Shock news at PMQs. Miliband scored a hit. He succeeded in making Cameron look silly. True, he enjoyed his triumph a little too much, but his performance will have cheered his party enormously. For weeks they’ve had to watch their leader bungling at the despatch-box like an octopus trying to make a pancake.
Miliband’s weapon of choice: statistics. It’s hard to use mere mathematics to hurt a politician but Miliband handled his materials with deadly aplomb. He uncovered woeful failures in government programmes. And the revelations weren’t just bad. They were hilariously bad.
He kicked off with a statement from Michael Gove, last May, that ‘work would begin immediately’ on 216 schools. ‘How many have been started?’ asked Miliband. Cameron didn’t know.
Miliband: ‘One’.
In October 2011, he went on, the government promised to bring forward 576 infrastructure projects. ‘How many have been completed?’ Again, Cameron was clueless.
‘Seven.’
Ah, said Cameron, but you can’t build a nuclear power station overnight. Miliband was waiting for him. Five of the seven finished contracts had been started under Labour. Finally he moved to the government’s guarantee scheme for home-owners which was intended to create 100,000 new freeholders. How many are there?
Cameron was clueless, a third time.
‘Just two thousand,’ said Miliband. ‘At this rate the government won’t reach its target until 2058.’ He finished his ambush with a handy laughter-line supplied by the Nick Clegg. ‘The gap between announcement and delivery is quite significant,’ said Clegg during one of his gaffe-ridden radio shows.
Cameron fought back with slogans supplied by his gag-writers. He derided the shadow chancellor for promising to spend and borrow more. ‘It’s not just at Wimbledon that people are calling for “new balls, please.”’
And he cited a survey revealing that half the population thinks Ed Miliband is a Muppet character. ‘Because he belongs in Sesame Street not Downing Street.’
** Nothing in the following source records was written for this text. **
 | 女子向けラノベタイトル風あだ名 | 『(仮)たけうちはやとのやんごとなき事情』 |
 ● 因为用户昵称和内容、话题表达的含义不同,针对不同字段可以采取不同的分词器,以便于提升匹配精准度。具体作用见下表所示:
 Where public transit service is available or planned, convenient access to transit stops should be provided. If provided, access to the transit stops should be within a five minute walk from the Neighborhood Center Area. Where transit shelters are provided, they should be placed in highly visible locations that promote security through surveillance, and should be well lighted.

But it was a query from Charlotte Leslie that prompted the session’s most dramatic moment. She accused Labour of creating a ‘sinister culture of fear and cover-up’ at the NHS. Cameron quoted Baroness Young, former head of the NHS watchdog, who claims that ‘huge government pressure’ led to medical blunders being suppressed for fear that Labour’s reputation might be tarnished. In plain English, lives were sacrificed to protect ministers.
It got worse. Cameron, still quoting Baroness Young, said the pressure had intensified after Andy Burnham became health secretary. Suddenly all eyes were on Labour’s front bench. Andy Burnham’s face was a picture. Specifically, it was a picture of a Tasered choirboy. Cameron stopped in mid-sentence.
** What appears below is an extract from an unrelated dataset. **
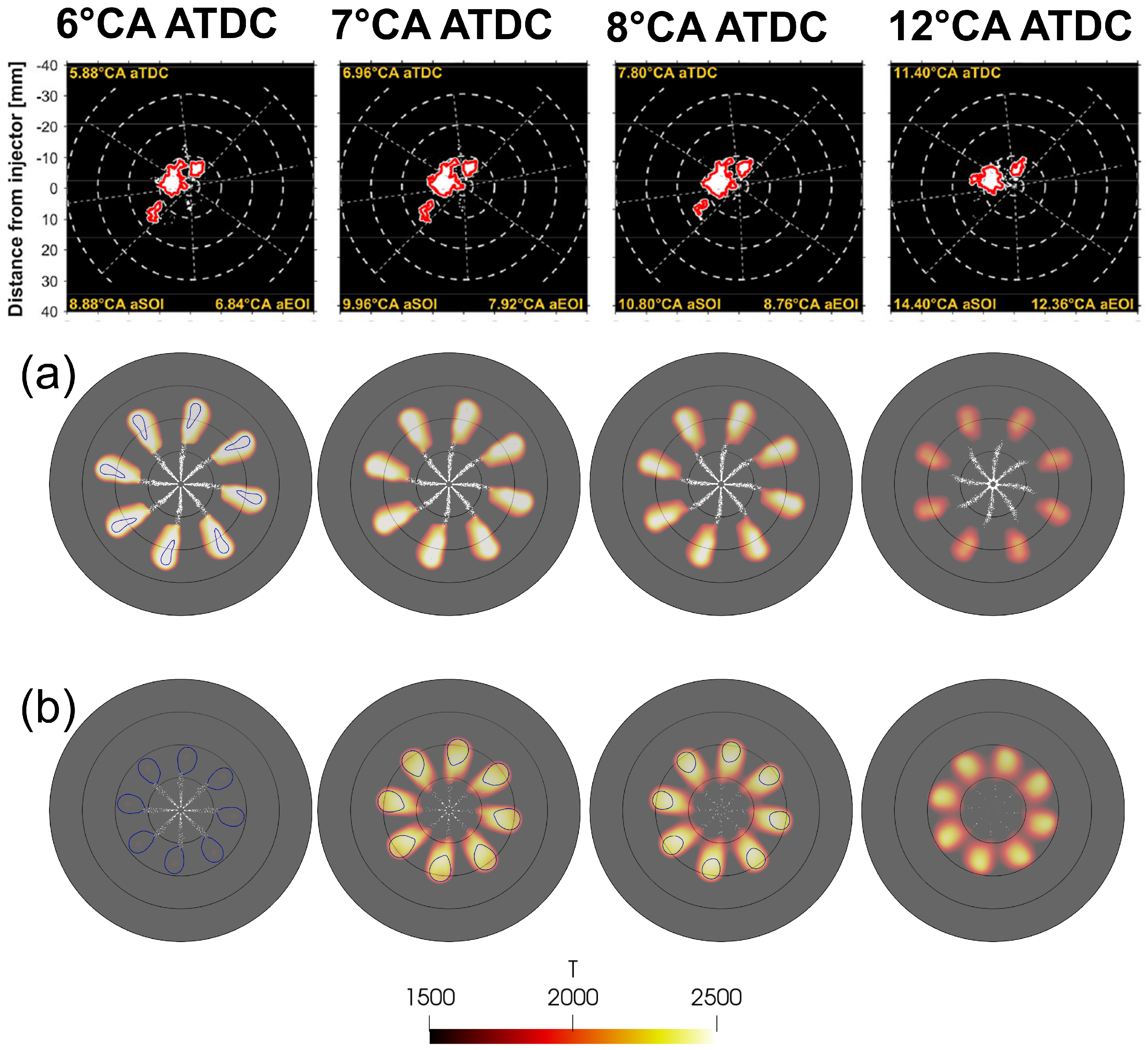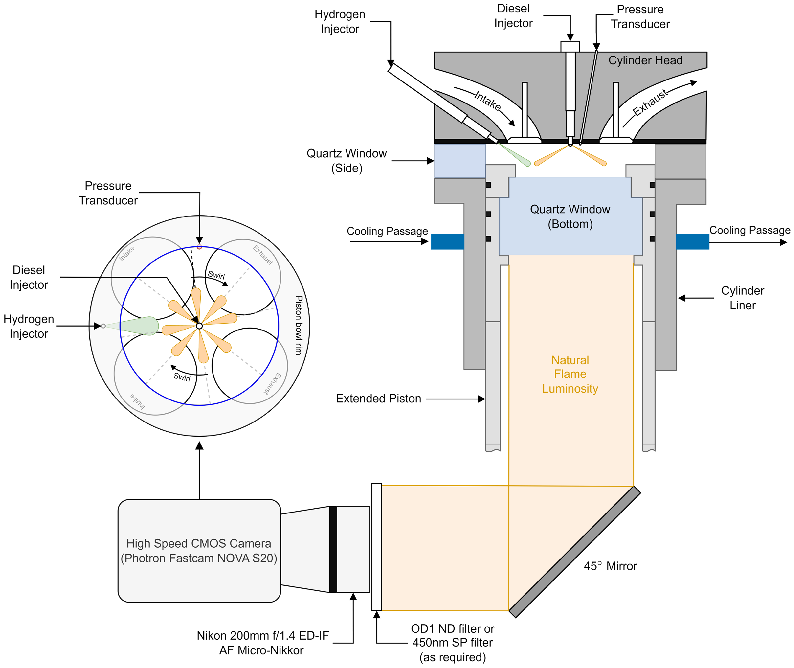 - Heaton, A.G.; Chan, Q.N.; Kook, S. The influence of hydrogen injection timing and energy proportion on flame developments in a dual direct injection optical diesel engine. Appl. Energy Combust. Sci. 2025, 24, 100382. [Google Scholar] [CrossRef]

‘The honourable gentleman is shaking his head,’ he said. And those around Burnham were doing the same. Their expressions, sombre and disbelieving. But where they showing solidarity with Burnham? Or outrage and revulsion at what they’d just heard. Given what we know of New Labour’s psyche – paranoid, arrogant and ruthless – it all rings horribly true.
The session ended on a cheerier note. Ian Swales highlighted ‘the injustice’ of sixth formers being denied free school meals. And Stephen Mosley reminded the world that MPs suffer no such disadvantage. Indeed, he announced a slap-up party to be held in the Commons today to celebrate ‘national school meals week’.
Cameron tried to sound statesmanlike on the topic of free grub. A balance, he said, must be struck between spending the budget wisely and preventing obesity. In other words, the filthier the food the fewer the fatsos.
But my guess is that the nosh served at today’s school meal launch will be world-class.